Electric cars come with the same warranties as petrol and diesel cars, with the exception that battery and motor warranties tend to be longer; so while most of the car may be covered for 60,000 miles and three years (whichever comes first), the motor and battery could come with an eight-year, 100,000-mile guarantee.

Cost to insure an electric car

Here is one area where you may find EVs are actually more expensive than petrol and diesel cars. This is for a number of reasons, including the fact that many EVs are remarkably quick thanks to the way their batteries and motors deploy their power; EVs also tend to be more expensive to buy, so replacement costs are higher for insurers.

As an illustration, a diesel 2021 BMW 340d xDrive might cost £830 to insure for the year, whereas a Tesla Model 3 might cost the same drive £1,040.

Less powerful, cheaper EVs such as the Nissan Leaf will clearly be cheaper to get cover for – the above serves as just one example.

Electric car depreciation

Depreciation is based on future values, naturally, and is therefore a topic that is subject to a fair degree of prediction.

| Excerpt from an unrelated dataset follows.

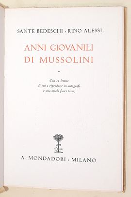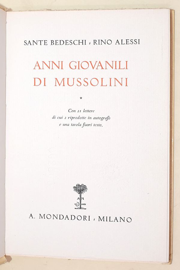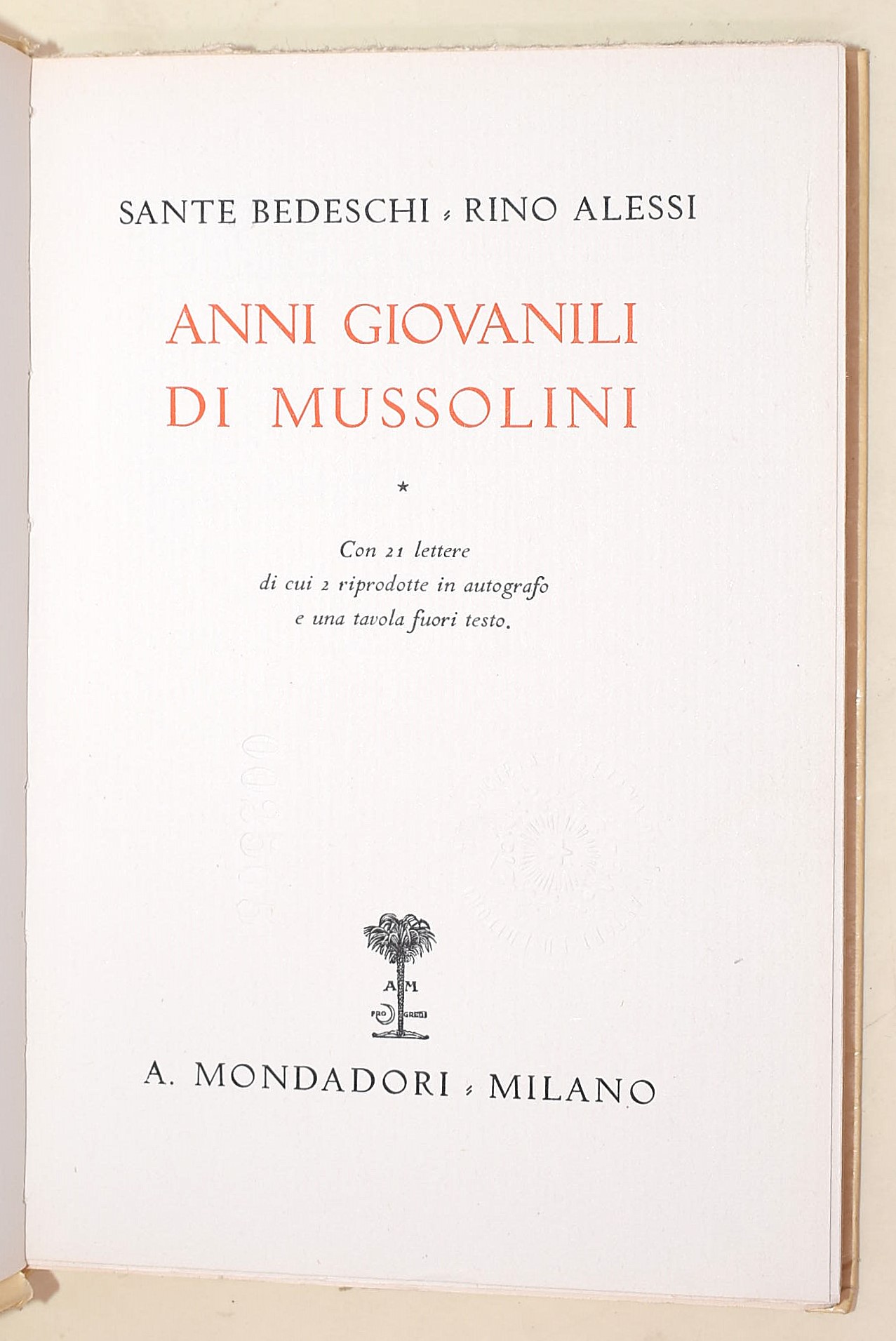 Bedeschi, Sante - Alessi, Rino: Anni Giovanili di Mussolini, Mondadori, 1939. Brossura. Prima edizione.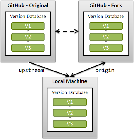 origin: is your fork: your own repo on GitHub, clone of the original repo of GitHubupstream: generally refers to the original repo that you have forkedgithub official 문서에도 아래와 같이 정리되어있습니다.

In the early days of modern electric cars, depreciation was harder to gauge because there were so few EVs on the market, but today the signs are that electric cars depreciate less than petrol and diesel ones.

Our guide to this topic has more information.

How do electric car running costs compare to petrol and diesel cars?

This depends on so many factors, from your garages hourly rate, to the cost of electricity and petrol.

If you pay £1.80 for a litre of petrol and your car has a 60-litre (13 gallons) tank and returns an average of 35mpg, that’s £117 to fill the tank, which will take you 455 miles, at a cost of roughly 26 pence per mile. That’s obviously a fair bit cheaper than charging using some public chargers, and a fair bit more expensive than charging at home using an off-peak tariff.

Your insurance is likely to be more expensive for an EV, but if you have a company car your tax liabilities will almost certainly be much lower.